Розанов хотя был человек достаточно умный и достаточно опытный для того, чтобы не поддаваться излишним увлечениям, но все-таки он был провинциал. Арапов стоял перед ним как новый тип и казался ему существом в высшей степени загадочным. То Арапов ругает на чем свет стоит все существующее, но ругает не так, как ругал иногда Зарницын, по-фатски, и не так, как ругал сам Розанов, с сознанием какой-то неотразимой необходимости оставаться весь век в пассивной роли, – Арапов ругался яростно, с пеною у рта, с сжатыми кулаками и с искрами неумолимой мести в глазах, наливавшихся кровью; то он ходит по целым дням, понурив голову, и только по временам у него вырываются бессвязные, но грозные слова, за которыми слышатся таинственные планы мировых переворотов; то он начнет расспрашивать Розанова о провинции, о духе народа, о настроении высшего общества, и расспрашивает придирчиво, до мельчайших подробностей, внимательно вслушиваясь в каждое слово и стараясь всему придать смысл и значение.

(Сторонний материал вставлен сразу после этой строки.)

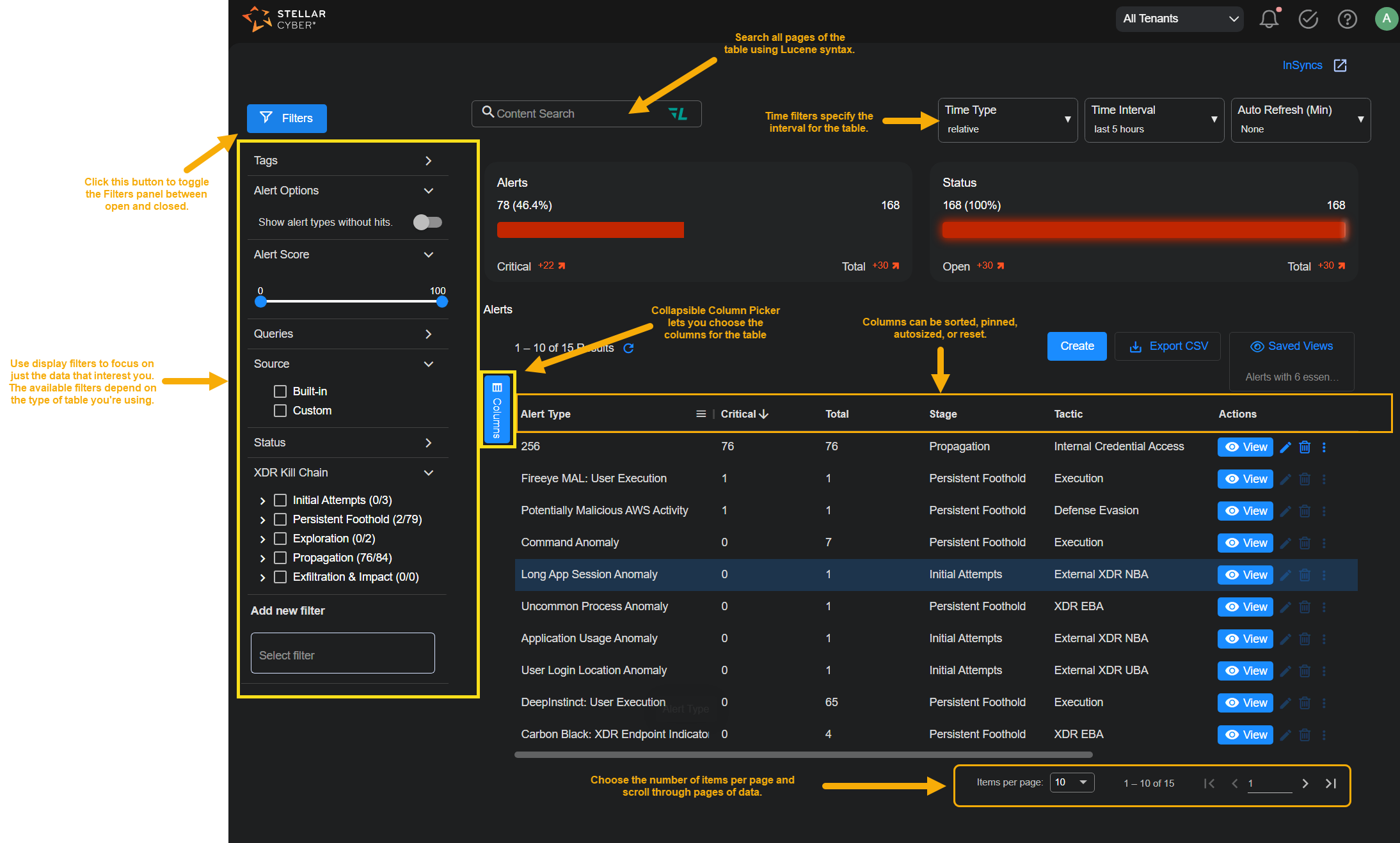 The Saved View Configurations feature lets you preserve and reapply customized table layouts across different sessions and contexts within the Stellar Cyber UI. Rather than reconfiguring columns, filters, and sorting options each time you revisit a page, you can save your preferred setup as a view and reload it instantly when needed.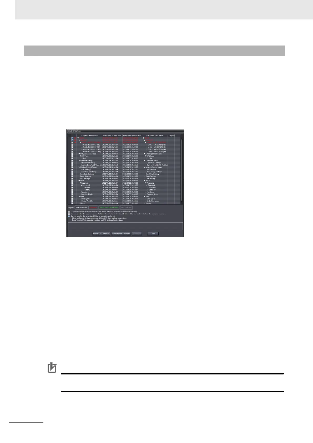 1 Place the Sysmac Studio online with the CPU Unit and execute synchronization.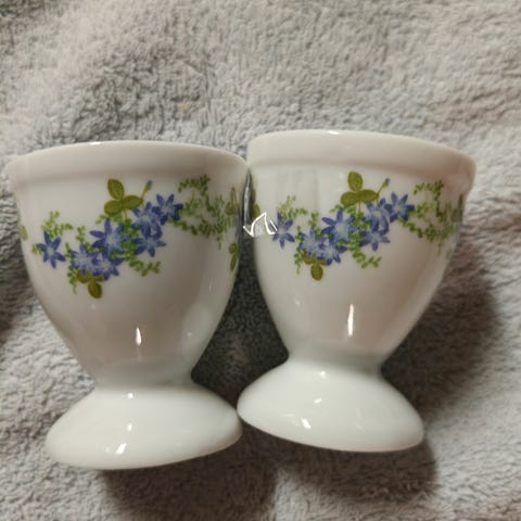 4 stk Blåveis eggeglass fra Porsgrund. Ubrukte, ligger i orginaleske. Selges samlet for 200kr. Må hentes I Skotselv. Sender ikke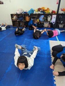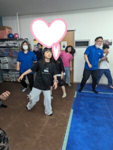 体をしっかり動かしながら、バランス感覚やリズムに乗って、みんなで動きをまねる活動に取り組みました👏✨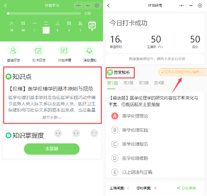 醫(yī)考愛打卡是由醫(yī)學(xué)教育網(wǎng)專業(yè)老師經(jīng)多年總結(jié)整理出的考點(diǎn),并且每個考點(diǎn)都會有對應(yīng)的習(xí)題進(jìn)行檢驗掌握成果,目的是查缺補(bǔ)漏,做完可以查看錯題集錦以及答案解析。

А то отправятся доктор с Араповым гулять ночью и долго бродят бог знает где, по пустынным улицам, не боясь ни ночных воров, ни усталости. Арапов все идет тихо и вдруг, ни с того ни с сего, сделает доктору такой вопрос, что тот не знает, что и ответить, и еще более убеждается, что правленье корректур не составляет главной заботы Арапова.
В одну прелестную лунную ночь, так в конце августа или в начале сентября, они вышли из дома погулять и шаг за шагом, молча дошли до Театральной площади. Кто знает Москву, тот может себе представить, какой это был сломан путь.
Доктор не заметил, как он прошел это расстояние, на котором могла утомиться добрая почтовая лошадь. Он был далеко; ему рисовался покинутый им ребенок, рисовалось нерадостное будущее дитяти с полусумасшедшею от природы матерью. Не заметил он, как чрез Никольские ворота вступили они в Кремль, обошли Ивана Великого и остановились над кремлевским рвом, где тонула в тени маленькая церковь, а вокруг извивалась зубчатая стена с оригинальными азиатскими башнями, а там тихая Москва-река с перекинутым через нее Москворецким мостом, а еще дальше облитое лунным светом Замоскворечье и сияющий купол Симонова монастыря.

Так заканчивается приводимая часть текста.